Third-Party Data Mishandling
Then, there is the third-party data loss. Most corporations rely upon third-party services to collect, process, and store their data. Even when your third parties maintain strict security and data governance controls, there is always an exposure risk if your service provider is compromised. These incidents are not isolated and are now increasingly commonplace. Notable recent examples include the Lash Group, Change Healthcare, and American Express breaches. These breaches highlight how significant and impactful third-party incidents can be.
As discussed in a previous blog, one way in which CISOs and CIOs can address this problem head on is by ensuring their vendors, suppliers, and partners have defensible security programs backed up by contract provisions that protect your company when security incidents occur. Your contracts should codify your security, privacy, and risk management requirements accordingly.
Unite and Conquer
Data governance is a team sport, and IT and security teams cannot operate alone; they require collaboration with key business stakeholders across the organization. With different perspectives, these business stakeholders understand the context of third-party relationships, the nature and extent of the data employed by the company, and the potential impacts on the business if this data is compromised. It’s critical that any remnants of the historical rifts between DevOps and security that make effective data governance challenging be swept away. Visibility and risk mitigation in the cloud are underpinned by collaboration.

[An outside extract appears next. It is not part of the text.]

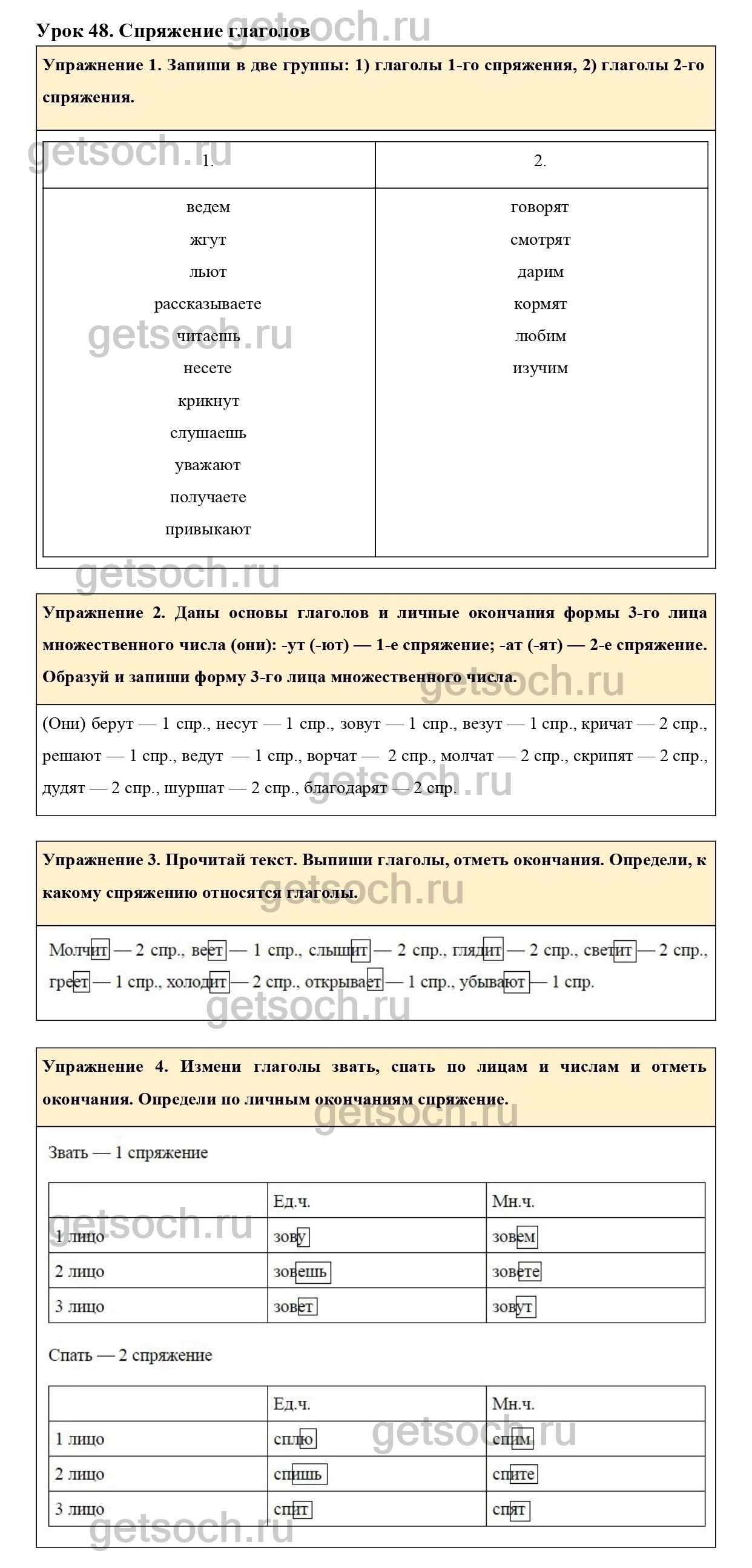 Упражнение 4. Измени глаголы звать, спать по лицам и числам и отметь окончания. Определи по личным окончаниям спряжение.

Given the number of systems, technologies, services, and regulatory requirements that organizations confront, collaboration should not be viewed as a nice to have, but an operational imperative.

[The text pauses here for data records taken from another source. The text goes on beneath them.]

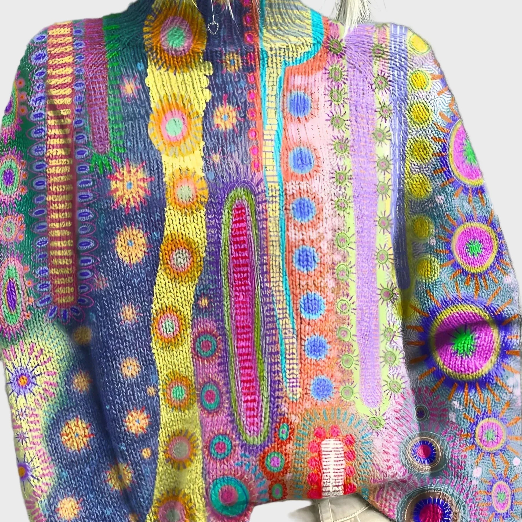 Елегантен Плетен Жилетка с Цветен Узор
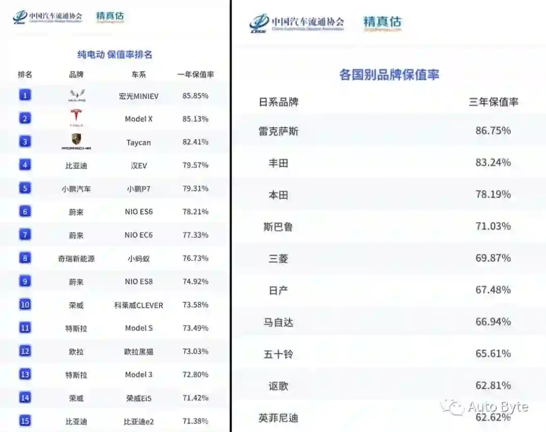 中国汽车流通协会和精真估联合发布的《2021年度中国汽车保值率报告》显示,
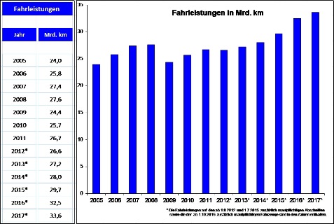 Conform statisticii publicate de Bundesamts für Güterverkehr (BAG), distanța parcursă de camioane străine pe rețeaua de drumuri federale supuse taxării a crescut în 2017 cu 3.3% față de 2016.

CISOs and CIOs are uniquely positioned to drive this collaboration. One powerful option is to establish a data governance committee of key stakeholders from security, legal, compliance, investor relations, procurement, IT, risk management, and finance. Together, draft a committee charter that ensures stakeholders have a duty to report data governance risks. It should also outline roles and responsibilities throughout the data lifecycle of the organization, including who is authorized to make risk decisions related to specific, high-value data sets. In addition, use a risk register to capture identified risk factors and recommended risk mitigations. Companies that focus on data governance will likely be more resilient when confronting risks to company data.
Conclusion
Managing and securing data is a challenge and without visibility, managing data access is nearly impossible. Data governance practices are complicated by modern technologies and are further complicated by privacy regulations. Security incidents highlight visibility blind spots, revealing that our data is more widely distributed and shared than we often realize.
CISOs and CIOs must engage early in the data governance lifecycle to understand data classifications, mapping, and access controls, and bring this knowledge to stakeholders across the organization. Risk mitigation of data leaks comes from proper understanding, handling, and control throughout the data lifecycle of the organization, from employees to third parties.